Maybe sooner as the US stock market heads down. And inflation due to tariffs rises due to Trump-introduced supply chain inefficiencies. Maybe Trump himself will figure this out.

As a free market advocate, I believe the American economic system, with its bottom-up property and individual rights foundation, is superior to that of the top-down much more centralized Chinese system. But there are 1.4 billion Chinese, only 335 million Americans. As I argued in my last blog, the Chinese are hardworking and, if global IQ comparisons have any meaning, are a nation of bright people. They are obsessed with tech. And they are used to centralized rule going back thousands of years. All this may be an offset to a suboptimal state-directed economic system.

Forecasts sometimes seen in the US that China will collapse under Trump punishments are nonsense. Even if its economic system is suboptimal, sooner or later China will assume the number one global position (though not in income per capita) no matter what Trump and Navarro do. Navarro and his ilk are bound to fail. But they will sow a great deal of unnecessary bitterness along the way. And make a necessary US-Chinese military rapprochement more difficult to achieve.

Technology Is Liberating

Although this once popular view has now been classified as naïve, I still adhere to the concept that technology is overall a liberating force in society. This is true for example in China even if it controls technology in ways not acceptable in the West. Bans on technology exports to China and attempts to technologically isolate China are a mistake.
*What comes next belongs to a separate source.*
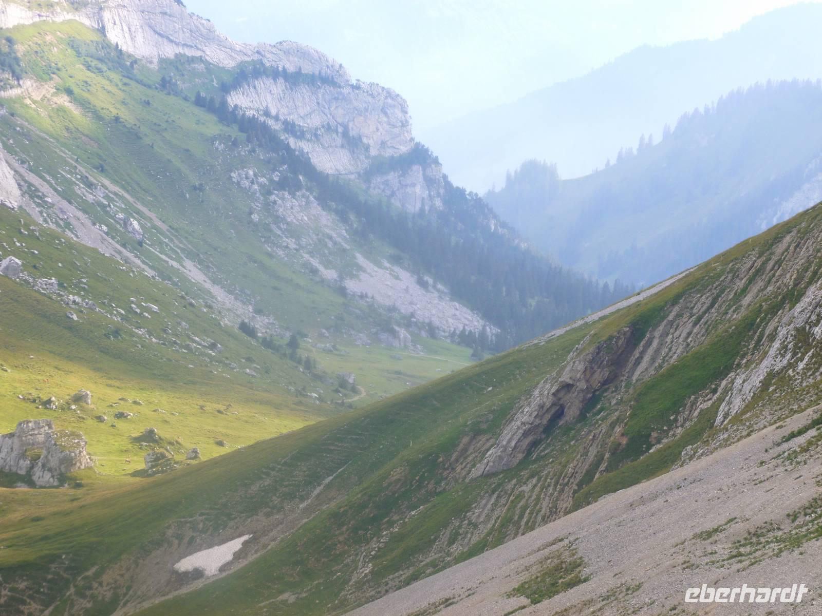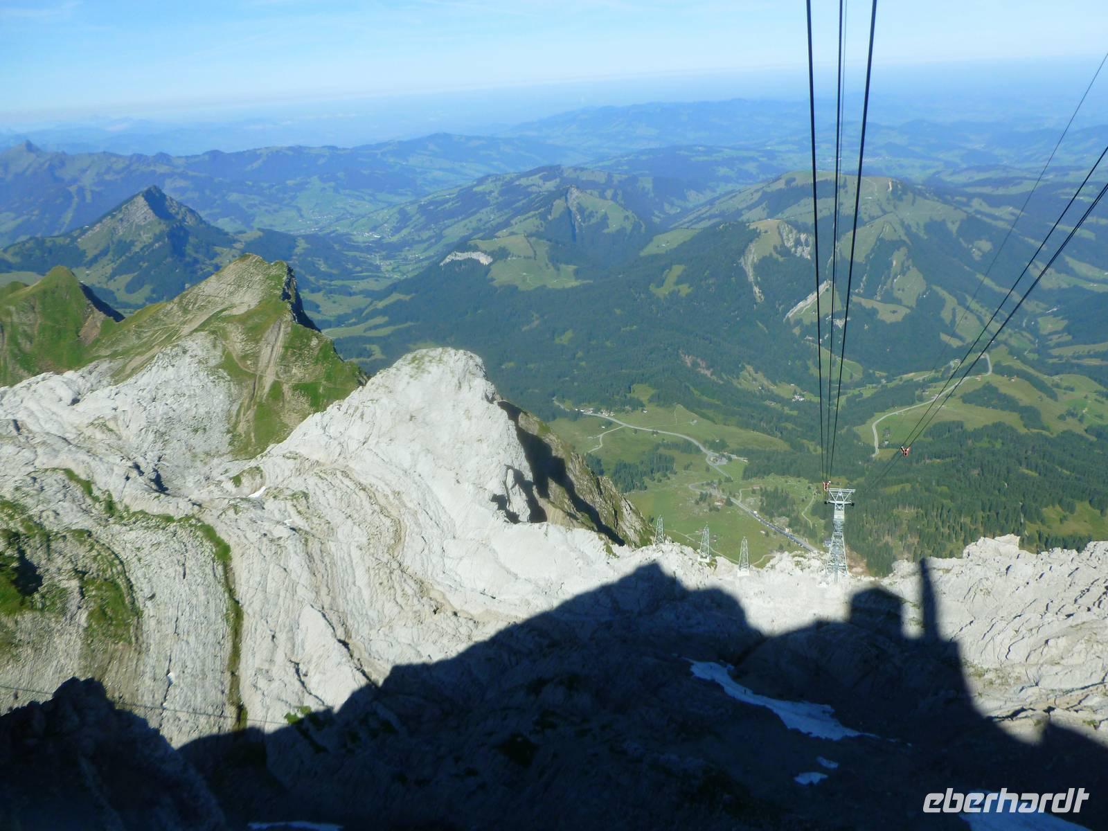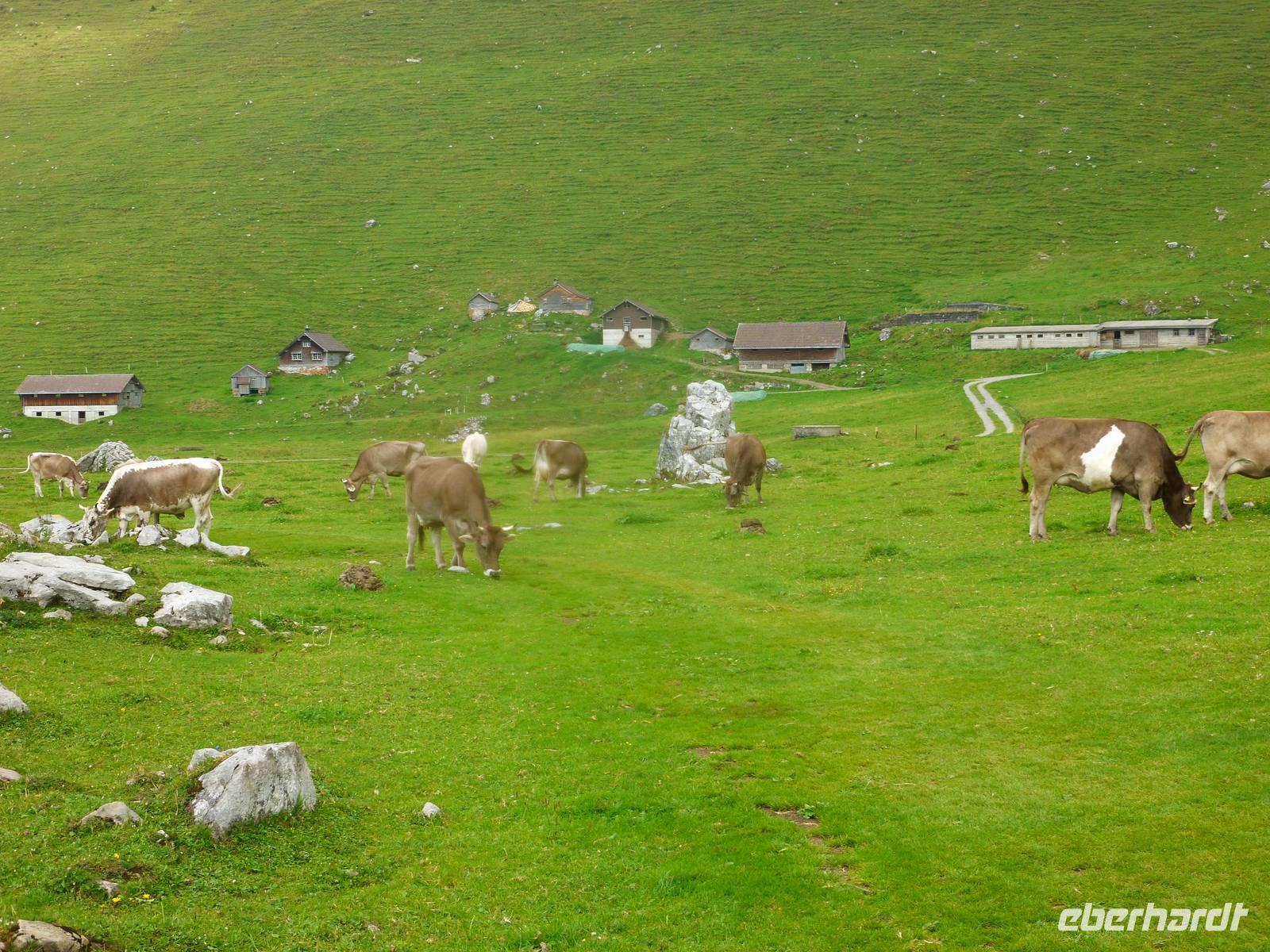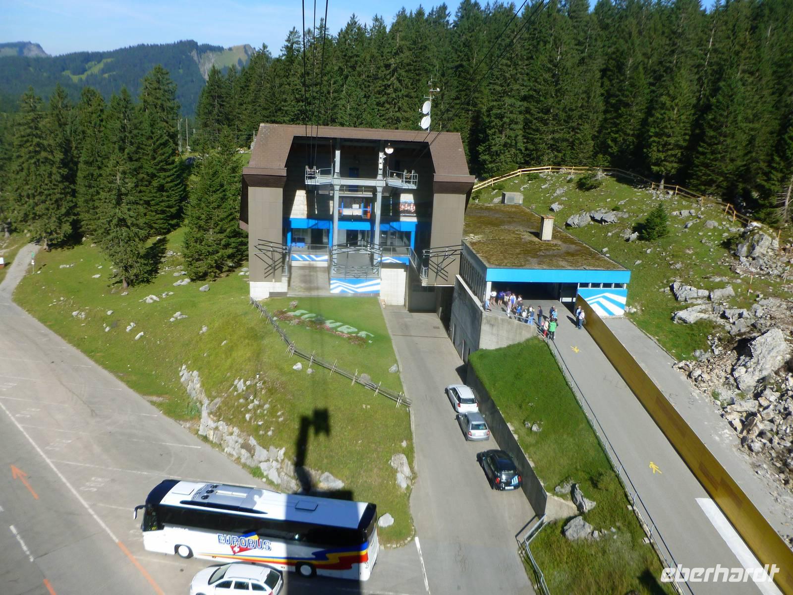 Aufgrund der knapp 700 Kilometer langen Fahrtstrecke von Dresden bis zur Schwägalp im Appenzeller Land ging es bereits um 6 Uhr in Dresden los. In der Nähe von Münchberg war unsere Reisegruppe mit insgesamt 37 Personen schließlich komplett. Die Fahrt führte uns nun weiter über Nürnberg, Feuchtwangen, Ulm, Memmingen und Lindau zum Bodensee. Das Wetter war optimal und so ging es für uns ein kleines Stück dem Bodensee entlang, bereits bei Lindau verließen wir somit die Autobahn. Doch leider gab es kurz nach der deutsch-österreichischen Grenze einen Mega-Stau und somit entschlossen wir uns kurzerhand, zurück auf die Autobahn und somit durch den 6,7 Kilometer langen Pfändertunnel zu fahren. Kurze Zeit später erreichten wir Höchst, den österreichischen Grenzort zur Schweiz und nur der Alte Rhein trennte uns nunmehr von St. Margarethen, dem schweizerischen Grenzort. Nach einer längeren Pause in St. Margarethen, hier können wir übrigens unsere Euros in Schweizer Franken umtauschen, brachen wir zu unserer letzten Etappe des heutigen Tages auf. Von hier war es jetzt nur noch ein Katzensprung zur Schwägalp. Wir wählten die Route über St. Gallen und Herisau, also fuhren wir das Appenzeller Land aus nördlicher Richtung an. Am frühen Abend erreichten wir schließlich unser Hotel für die nächsten drei Nächte - das Berghotel Schwägalp! Das Berghotel Schwägalp liegt auf einer Höhe von knapp 1.400 Metern und abseits von jeglichem Großstadtlärm. Die einzigen Nachbarn hier sind glückliche Schweizer Kühe!

Technology is driving the 21st-century economy. An interesting article worth reading is China’s Future Is South Korea’s Present, Why Liberalization Will Follow Stagnation by Hahm Chaibong in September/October’s Foreign Affairs. The title of this article speaks for itself. China will eventually move to a more liberalized regime as it becomes more prosperous. I believe technology will play a key role. Yes, the process could take decades. America should be patient, not angry, and not try to isolate China.